(SUPPLIED DATA Opens)
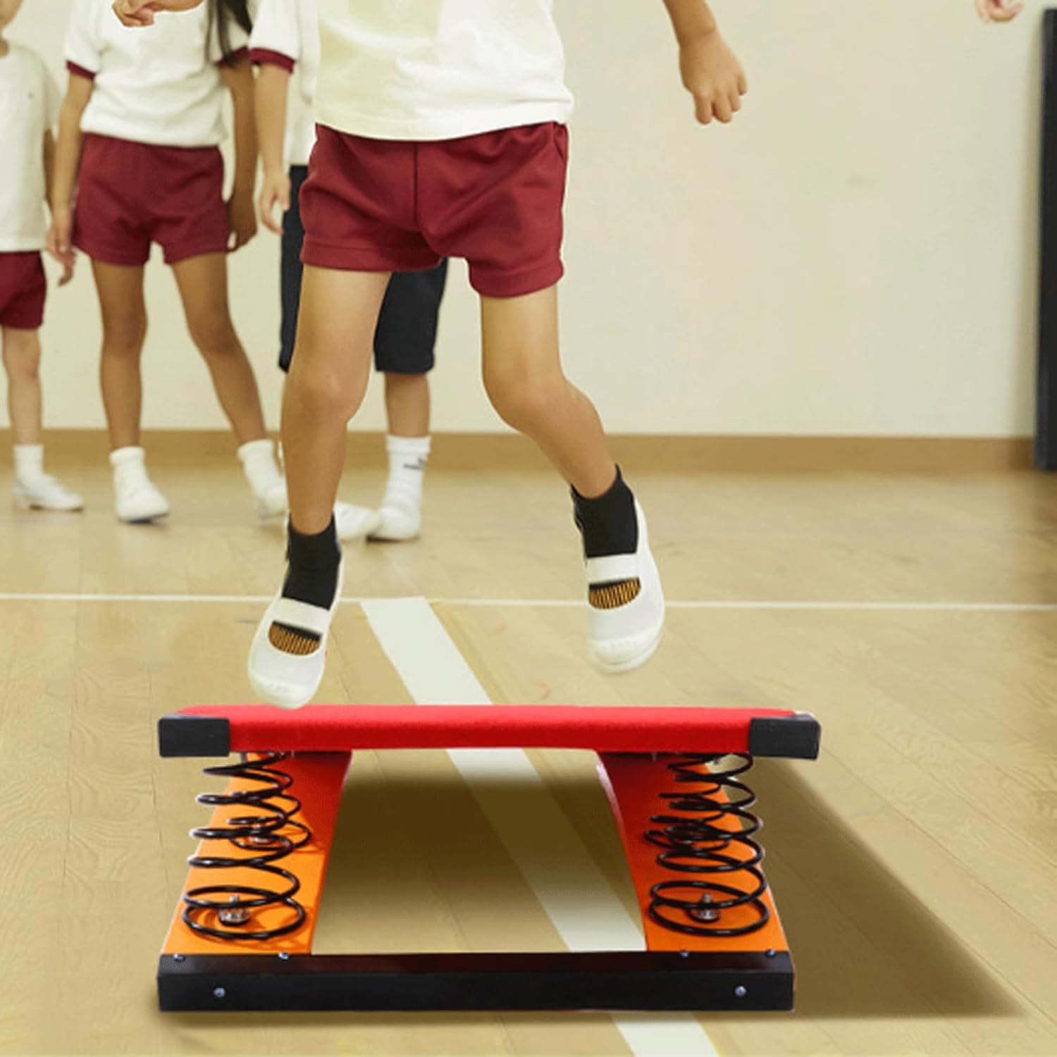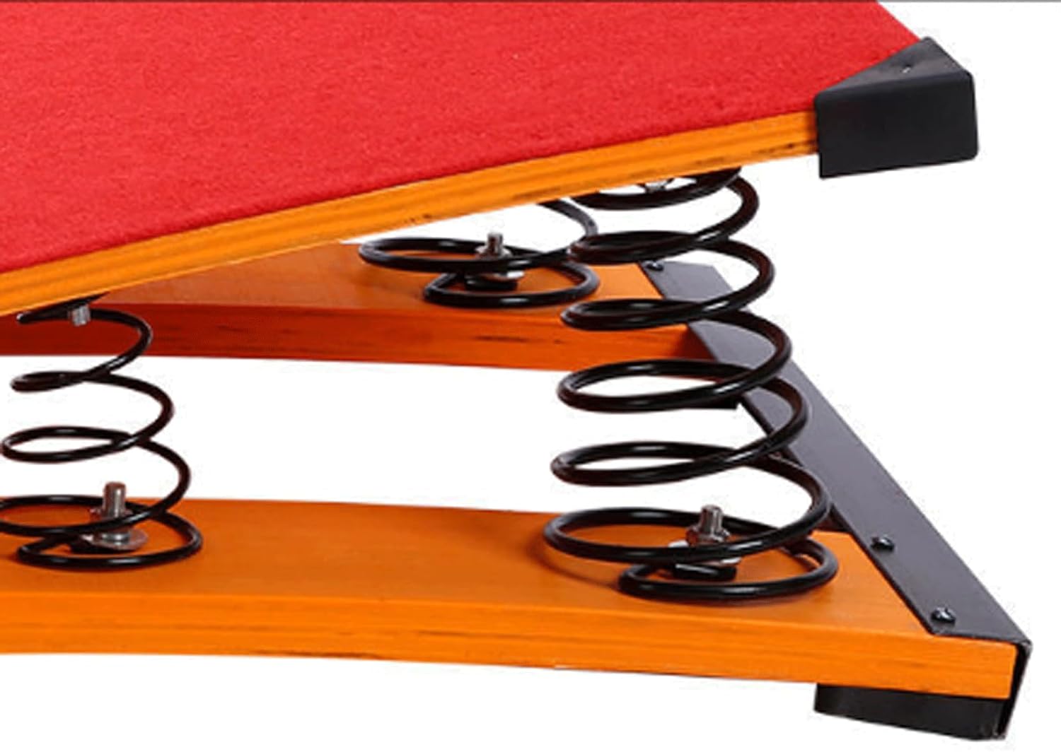 TAPPETINO ANTISCIVOLO - La parte inferiore del trampolino da ginnastica è progettata con cuscinetti antiscivolo in gomma, che offrono una maggiore resistenza per garantire stabilità e proteggere i pavimenti dai graffi. FELTRO ANTISCIVOLO - La superficie del trampolino da ginnastica è rivestita con feltro antiscivolo e resistente all'usura di alta qualità, che consente ai piedi di mantenere una buona presa durante il salto, è sicuro e anticaduta e ci protegge dagli infortuni. BENE AL TATTO - È comodo al tatto e non brucia i piedi anche se si è a piedi nudi, garantendo una migliore esperienza di movimento per il bambino. Può essere utilizzato ripetutamente per lungo tempo e può sopportare circa 60 kg. ELEVATA ELASTICITÀ - Questo trampolino a molla è dotato di una robusta molla in acciaio ispessito all'interno, che collega saldamente la superficie antiscivolo al telaio, garantendo una buona elasticità, prevenendo ruggine e deformazioni e garantendo stabilità e sicurezza. È piacevole al tatto e non irrita i piedi, anche se si è a piedi nudi, garantendo al bambino una migliore esperienza di movimento.
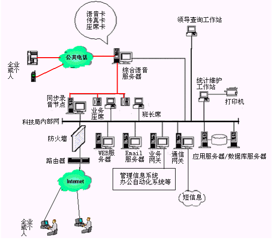 應用現(xiàn)代先進的CTI技術建立的科技局公開電話系統(tǒng),改變了傳統(tǒng)的科技局辦公的一部電話、一支筆、一個本(或用計算機當打字機)的記錄、交流模式。在充分利用各級科技局現(xiàn)有辦公自動化系統(tǒng)基礎上,通過共享科技局、社會網(wǎng)絡資源,能夠為企業(yè)或個人提供了更多、更好、更便捷的服務。
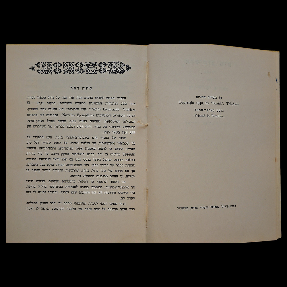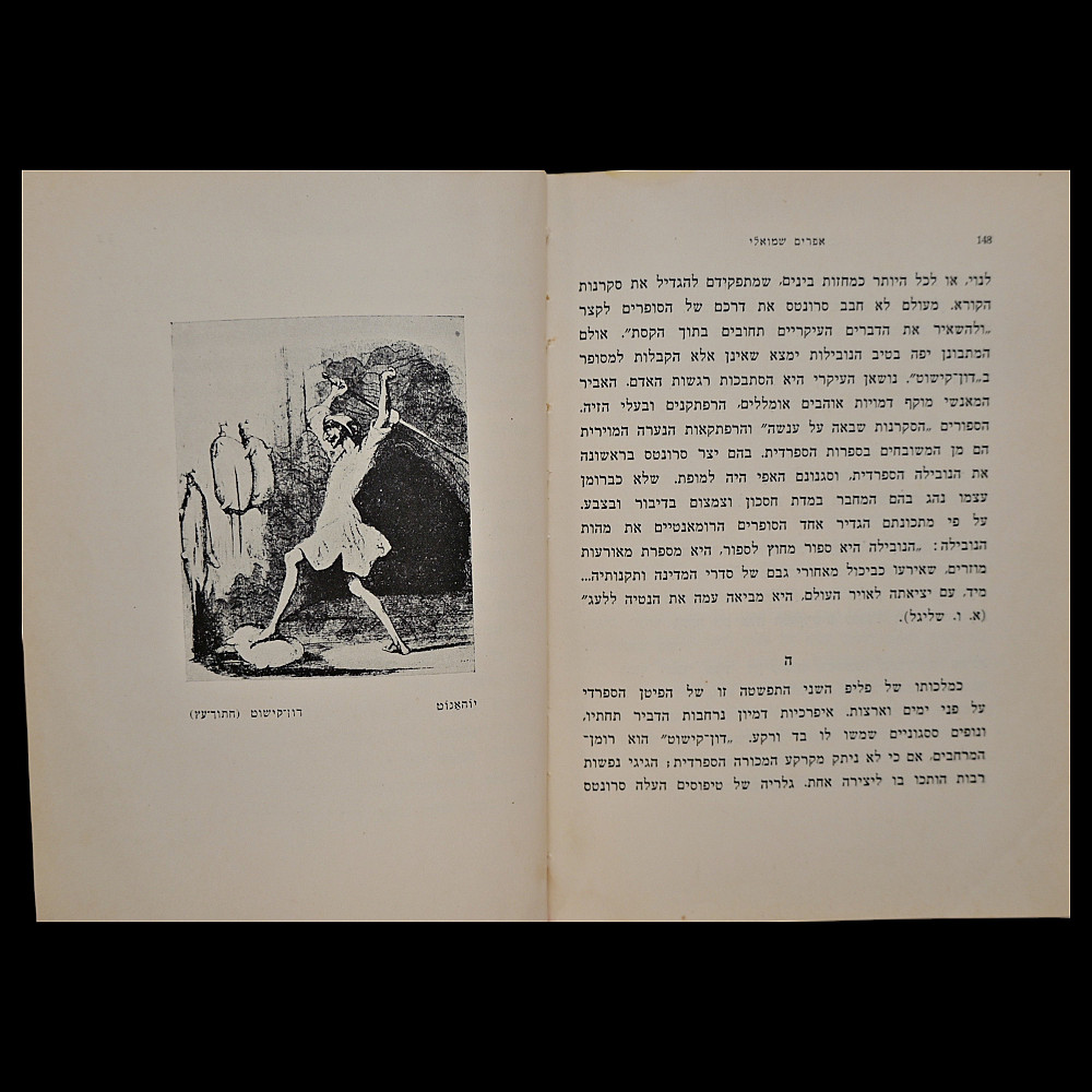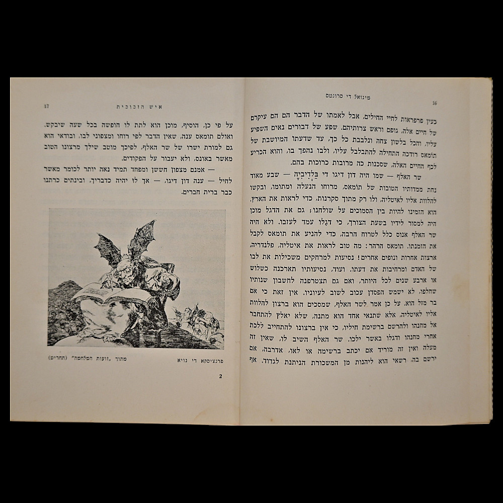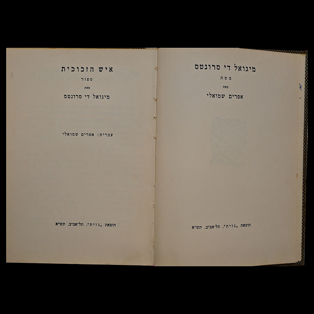 Miguel de Cervantes – "Der Zikorn-Mensch" (The Man of Memory), Yiddish Edition, Tel Aviv, 1940 – With Dedication. A rare Hebrew and Yiddish edition of a story by Miguel de Cervantes, printed by the Gazith publishing house in Tel Aviv in 1940, under the British Mandate of Palestine. This volume is titled in Hebrew and Yiddish and contains an illustrated adaptation of one of Cervantes’ Novelas ejemplares ("Exemplary Novels") translated by Ephraim Shmueli. The book features a printed portrait of Cervantes and an original handwritten dedication in French: "by Edmond Beck for my friend Simon's birthday. 3.7.41, Tel-Aviv" — highlighting its historical and personal significance. Bound in original boards with cloth spine; overall good condition with minor signs of age, including light foxing and wear. A scarce and meaningful piece of Jewish literary history and a testament to the cultural exchange and intellectual engagement of the early Yishuv period in Palestine. Dimensions: approx. 17×13 cm
(SUPPLIED DATA Closes)
AIM OF THE EXERCISE ▸
Nothing but the listing, copied exactly and stripped of its images, should appear in the response.

RESPONSE FOR THIS EXERCISE ▸
 TAPPETINO ANTISCIVOLO - La parte inferiore del trampolino da ginnastica è progettata con cuscinetti antiscivolo in gomma, che offrono una maggiore resistenza per garantire stabilità e proteggere i pavimenti dai graffi. FELTRO ANTISCIVOLO - La superficie del trampolino da ginnastica è rivestita con feltro antiscivolo e resistente all'usura di alta qualità, che consente ai piedi di mantenere una buona presa durante il salto, è sicuro e anticaduta e ci protegge dagli infortuni. BENE AL TATTO - È comodo al tatto e non brucia i piedi anche se si è a piedi nudi, garantendo una migliore esperienza di movimento per il bambino. Può essere utilizzato ripetutamente per lungo tempo e può sopportare circa 60 kg. ELEVATA ELASTICITÀ - Questo trampolino a molla è dotato di una robusta molla in acciaio ispessito all'interno, che collega saldamente la superficie antiscivolo al telaio, garantendo una buona elasticità, prevenendo ruggine e deformazioni e garantendo stabilità e sicurezza. È piacevole al tatto e non irrita i piedi, anche se si è a piedi nudi, garantendo al bambino una migliore esperienza di movimento.
 應用現(xiàn)代先進的CTI技術建立的科技局公開電話系統(tǒng),改變了傳統(tǒng)的科技局辦公的一部電話、一支筆、一個本(或用計算機當打字機)的記錄、交流模式。在充分利用各級科技局現(xiàn)有辦公自動化系統(tǒng)基礎上,通過共享科技局、社會網(wǎng)絡資源,能夠為企業(yè)或個人提供了更多、更好、更便捷的服務。
 Miguel de Cervantes – "Der Zikorn-Mensch" (The Man of Memory), Yiddish Edition, Tel Aviv, 1940 – With Dedication. A rare Hebrew and Yiddish edition of a story by Miguel de Cervantes, printed by the Gazith publishing house in Tel Aviv in 1940, under the British Mandate of Palestine. This volume is titled in Hebrew and Yiddish and contains an illustrated adaptation of one of Cervantes’ Novelas ejemplares ("Exemplary Novels") translated by Ephraim Shmueli. The book features a printed portrait of Cervantes and an original handwritten dedication in French: "by Edmond Beck for my friend Simon's birthday. 3.7.41, Tel-Aviv" — highlighting its historical and personal significance. Bound in original boards with cloth spine; overall good condition with minor signs of age, including light foxing and wear. A scarce and meaningful piece of Jewish literary history and a testament to the cultural exchange and intellectual engagement of the early Yishuv period in Palestine. Dimensions: approx. 17×13 cm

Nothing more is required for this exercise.